My friends’ opinions were no different: “You’re just making your life more inconvenient to prove a point. Why are you doing this?”
I willfully ignored everyone’s reproaches. I had made my decision: I was giving up my smartphone.
By October 2014, 64 percent of Americans owned a smartphone, up from 35 percent in 2011. Why on Earth would anyone purposefully take a technological step backward? After all, my iPhone 5 had served me well in the past. I was able to talk and text with anyone anywhere at any time. I had the accumulated knowledge of mankind right at my fingertips.
I should have been completely satisfied with this miracle of technology, but I started to resent its outsized role in my life. When I was talking to someone in person and there was a momentary lull in conversation, I would immediately reach for my pocket. The average American opens a social media app 17 times a day, spending nearly five hours a day on their smartphones, and I was no exception. Just waiting for a red light to change seemed an intolerable bore and soon I was unable to get through one without checking my phone.
I realized that my relationship with my smartphone was analogous to a smoker’s relationship with cigarettes. Before you start smoking, you never want or “need” one. But once you get addicted, every cigarette relieves the stress that comes from having not smoked in a while. Cigarettes solve the very problem they create — temporarily.
So it was with my phone. Apple helped me realize that I, in fact, craved stimulation at all times. My phone was always there to set my attention span-less mind at ease — if only for a few minutes.
I’m not alone in my tech fatigue. Just last week, Kanye West tweeted: “I got rid of my phone so I can have air to create.” Louis C.K. similarly ranted on “Conan” three years ago, bemoaning the fact that phones have destroyed the ability of people “to just be a person.” “That’s what the phones are taking away,” he said, “the ability to just sit there.” The YouTube video of his diatribe has over 11 million views, clearly striking a chord with viewers.
In Canada, Toronto lawyers Steven Pulver and Daniel Levine have accomplished the wonderfully oxymoronic by creating a technology conference without the technology. Their Fireside Conference, started in 2014, is notable for forbidding usage of devices and being located in one of the few remaining corners of the Earth unpenetrated by cellphone reception. Attendees were reportedly jarred by having to ask strangers for directions around the site, an action they hadn’t performed in years due to the mass proliferation of GPS technology.
The number of participants for the Fireside Conference this year was double that of the previous. Increasingly, people are willing to brave inconvenience to get away from their phones.
I have not sworn off all technology. I make calls and write texts with my flip phone, but whenever I’m in Wi-Fi I use my iPod Touch to iMessage instead. I maintain an Instagram and Facebook account. But I inhabit the virtual world far less than I had before.

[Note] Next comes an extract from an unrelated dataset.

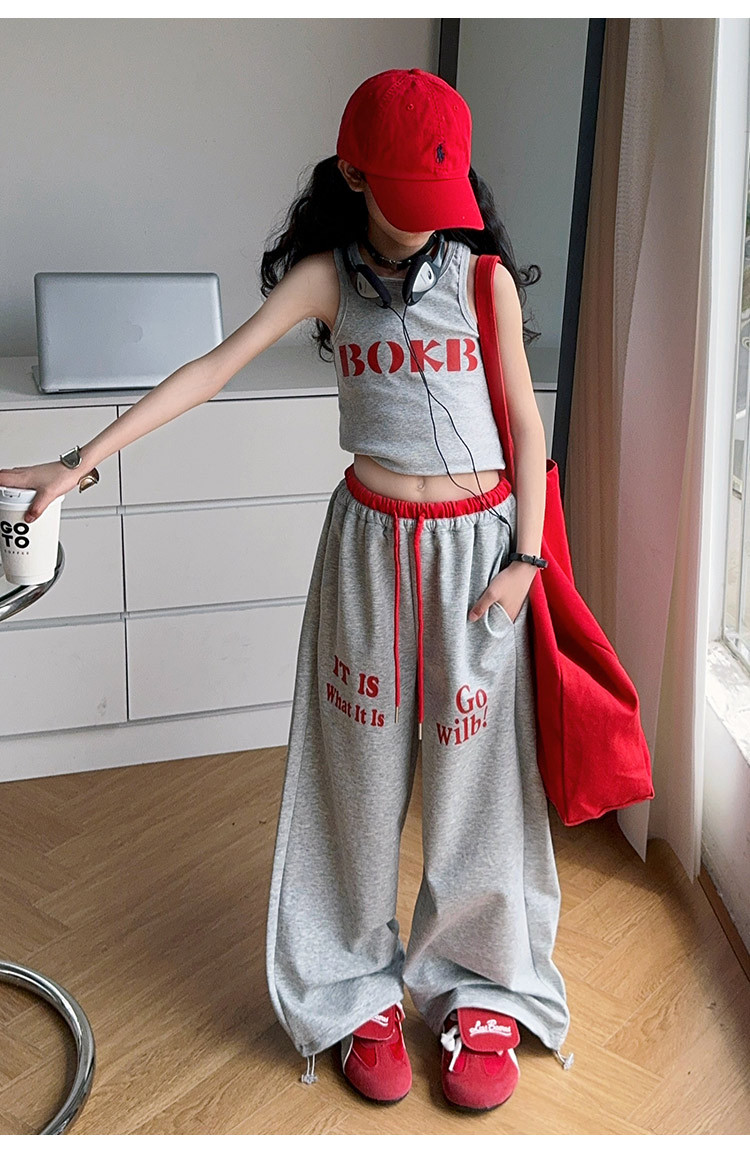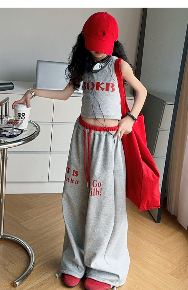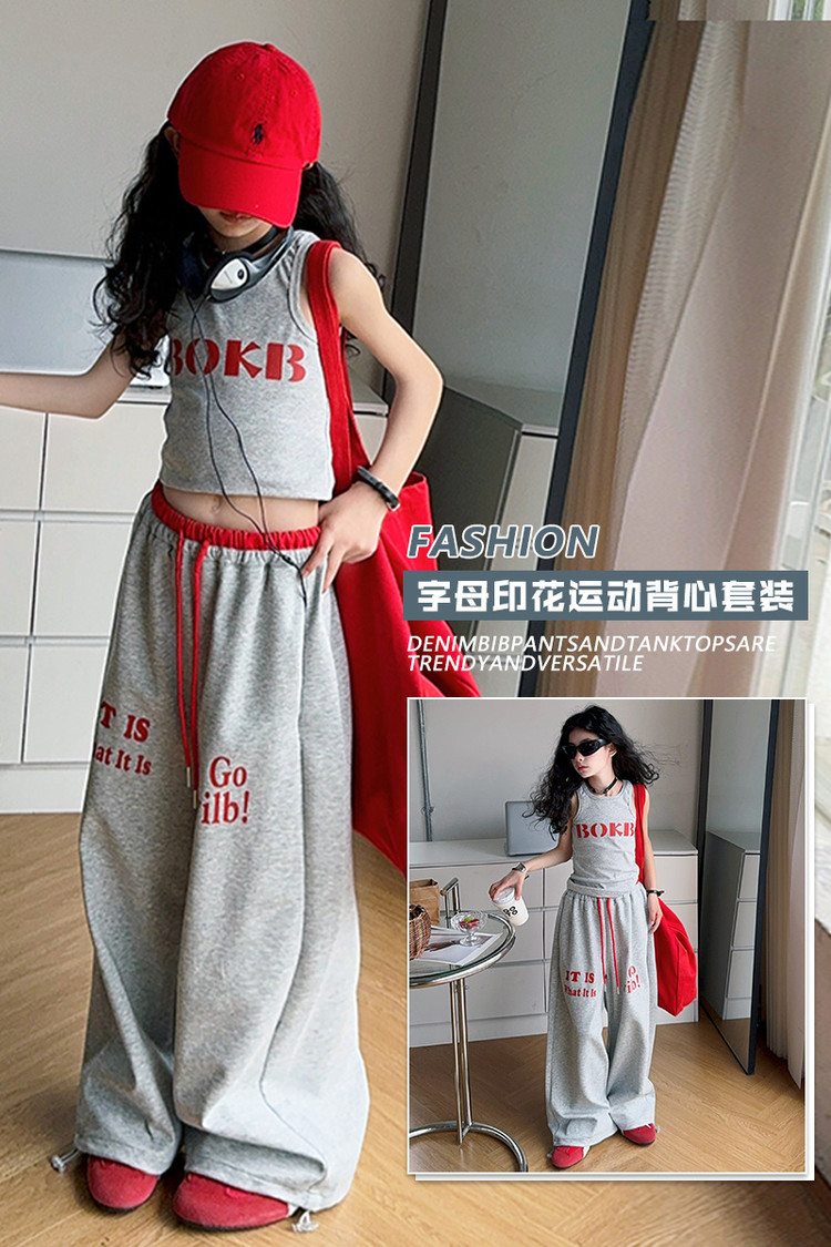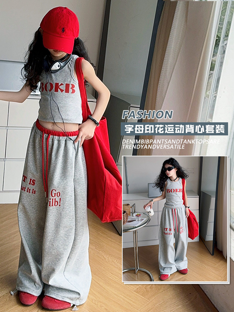 국경 간 소녀 민소매 탑 캐주얼 세트 2025 새로운 어린이 조끼 티셔츠 느슨한 넓은 다리 바지 투피스 세트스토어 가기
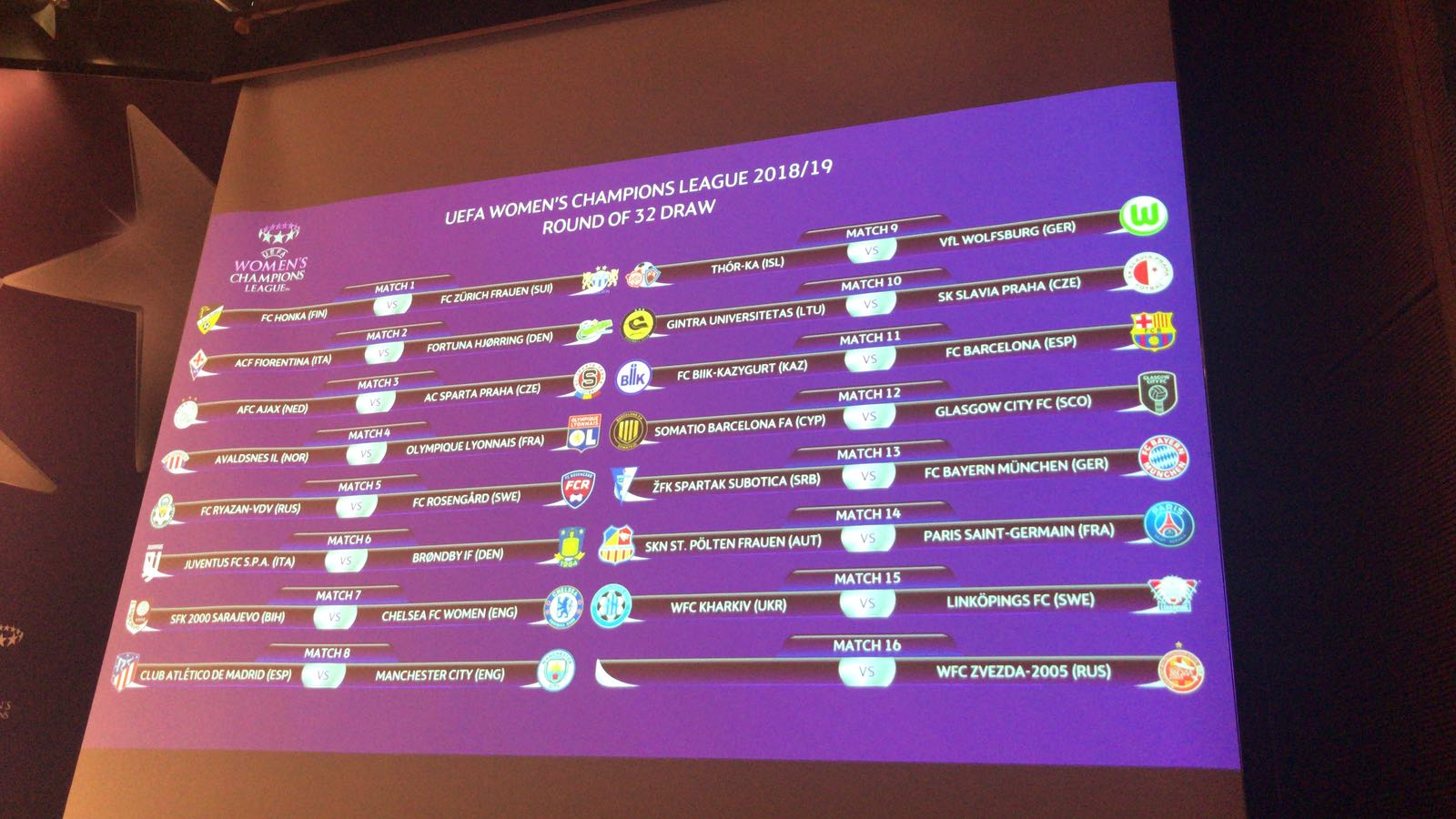 Ligue des Championnes (1/16e de finale - tirage au sort)...Le tirage au sort des 1/16e de finale de la Ligue des Championnes a eu lieu aujourd'hui au siège de l'UEFA à Nyon. Un stade de la compétition... |

My fingers don’t get itchy when I’m not talking directly to someone. I can sit through a movie without playing Candy Crush. I can go out with my friends without documenting my movements to the world just to prove I do fun things. I can come up with a funny observation without needing to put it on Twitter. I can sit at a red light and stay entertained by people-watching.
I’ve been the subject of ridicule among my friends and family, but I absolutely do not regret my decision. I don’t deny the benefits of technology and have no desire to shut them completely out of my life. I instead have admitted my inability to resist the cry of my phone and adjusted my behavior accordingly. Louis C.K. would be proud: for the first time in years, I can sit down without stimulation and just “be a person.” It sounds simple, but it’s much easier said than done.
Without my smartphone, I cannot fill every moment of my time with mindless scrolling to avoid the difficult business of introspection. I cannot drown my anxieties in a sea of cat videos and memes. Sometimes, this leads to intense discomfort. Avoiding stressors may lessen anxiety in the short term, but in the end it always is the mental equivalent of throwing gasoline on the fire.
By giving up my phone, I’ve learned to confront my problems and expose myself to mini-existential crises. But through those trifles I have emerged a more emotionally secure and less stressed person.
It is easy to point out the material advantages of owning a pocket computer, snatching up the newest iPhone and being able to document your most magnificent moments as they’re happening. But I lost touch with myself in all of that.
Ultimately, the comfort of sanity outweighs inconvenience.